Overall, these results demonstrate that genetic and environmental variability play a determining role in biochemical quality. The 2024 season, characterized by moderate water stress, favored phenolic accumulation and antioxidant activity, while 2023 promoted lipid synthesis. These divergent responses confirm that genotype × environment interactions influence metabolic partitioning [73].

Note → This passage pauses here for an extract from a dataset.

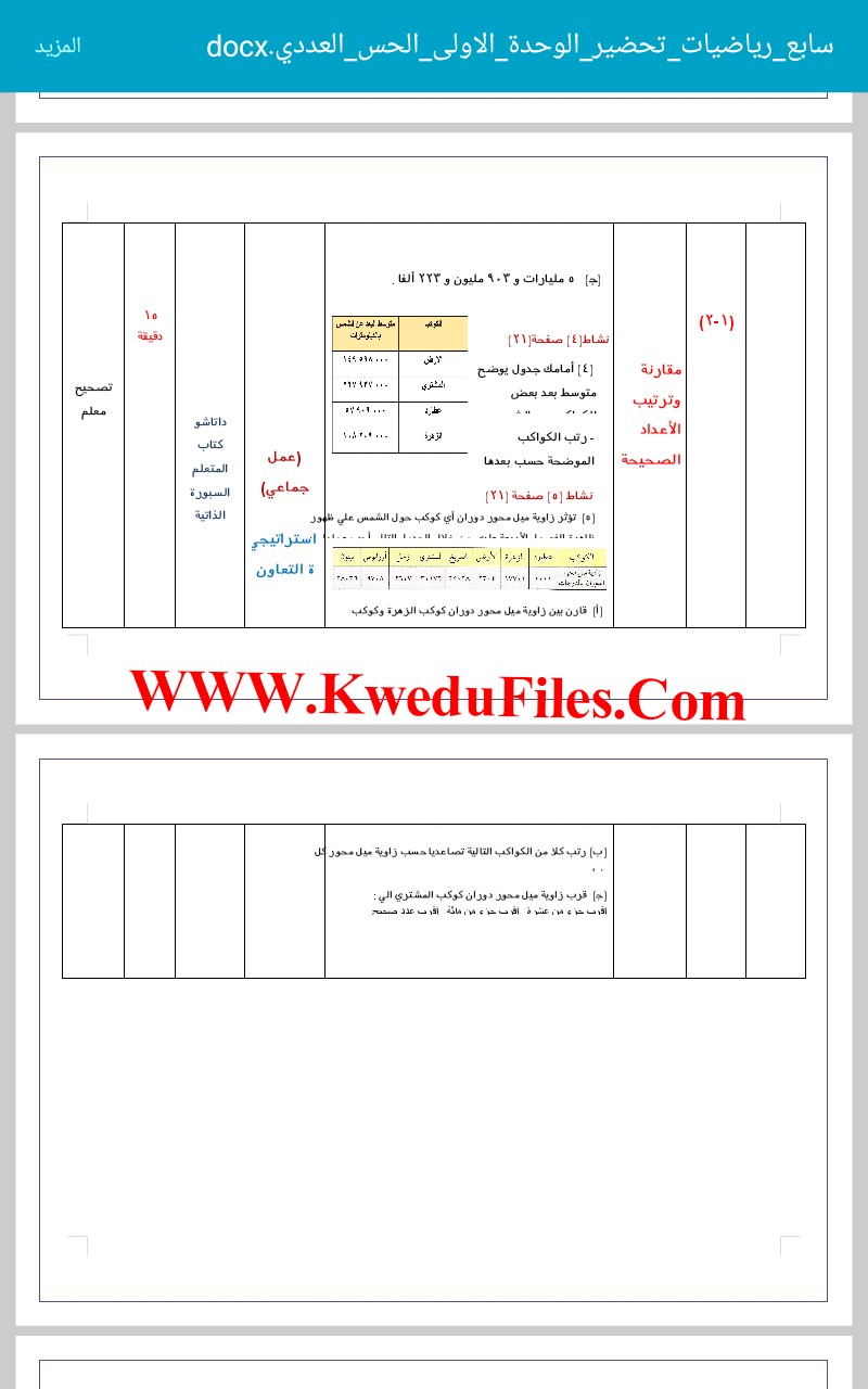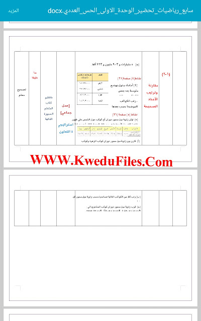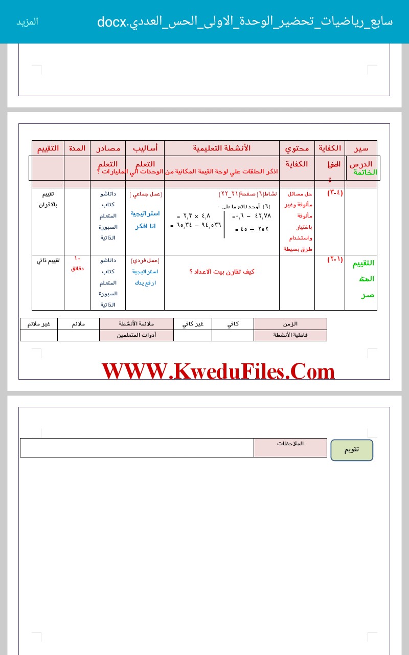 معلومات الملف: 3اوراق في مادة الرياضيات للصف السابع للكورس الاول تتضمن تحضير الوحدة الاولى اي الحس العددي والهندسة (مراجعة) | ||
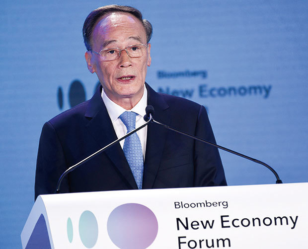 11月6日,王岐山在新加坡「中美新經濟論壇」上,強調「國家應相互尊重彼此的發展道路」,即表示制度不變。(AFP)

4.4. Interpretation of FTIR-ATR Spectral Features

This spectral similarity reflects the conserved biochemical composition of fig seed oils and seeds, largely dominated by lipids, phenolic derivatives, proteins, and carbohydrates, in agreement with previous reports on fig and other oil-rich seeds [74,75].
These signals reflect the presence of –CH2 and terminal –CH3 groups from saturated and unsaturated fatty acids, confirming the lipidic nature of fig oils [39,40]. The intensity ratio information on chain length distribution is supported by studies showing higher ratios associated with longer fatty acid chains [76].
This band is diagnostic for oil content and esterification degree, with its position and intensity sensitive to the degree of fatty acid saturation and oxidation state [76].
The relative intensity correlation with phenolic content (r = 0.42, p < 0.01) confirms that the fingerprint region contains meaningful information about phenolic composition. The low-frequency band, though often overlooked, contains valuable information about seed matrix composition and can aid in varietal discrimination [77].
These differences are not unexpected, since interannual variations in plant secondary metabolites and oil biosynthesis are strongly dependent on climatic and environmental conditions such as rainfall distribution, irrigation availability, and temperature stress [52,62].
From a biochemical standpoint, the enhanced absorbance in the O–H band in 2024 could reflect a higher accumulation of phenolic hydroxyl groups and water-associated hydrogen bonding, often linked to stress-induced enhancement of antioxidant defenses [43,44]. However, this spectral observation contradicts the biochemical data showing reduced TPC in 2024 (31.2 vs. 48.7 mg GAE/100 g of oil), suggesting that the increased O-H absorbance may instead reflect altered moisture content, increased glycosylation of phenolics, or changes in hydrogen bonding networks rather than absolute phenolic concentration. This discrepancy highlights the importance of integrating spectral and wet-chemical methods for comprehensive quality assessment.
Meanwhile, the more pronounced C=O ester stretching at 1745 cm−1 is indicative of increased levels of triacylglycerols and fatty acids, suggesting that lipid biosynthesis was favored under the 2024 climatic conditions, though, again, this contradicts the measured decrease in oil yield from 26.7% to 21.2%. The apparent inconsistency may reflect compositional changes, specifically, an increase in the proportion of esterified lipids relative to free fatty acids or polar lipids rather than total lipid content, possibly due to differences in temperature or water stress at seed filling [41,42]. These observations underscore that FTIR absorbance intensities reflect molecular composition and structural organization rather than simple component concentrations, necessitating multivariate calibration models to extract quantitative information [78].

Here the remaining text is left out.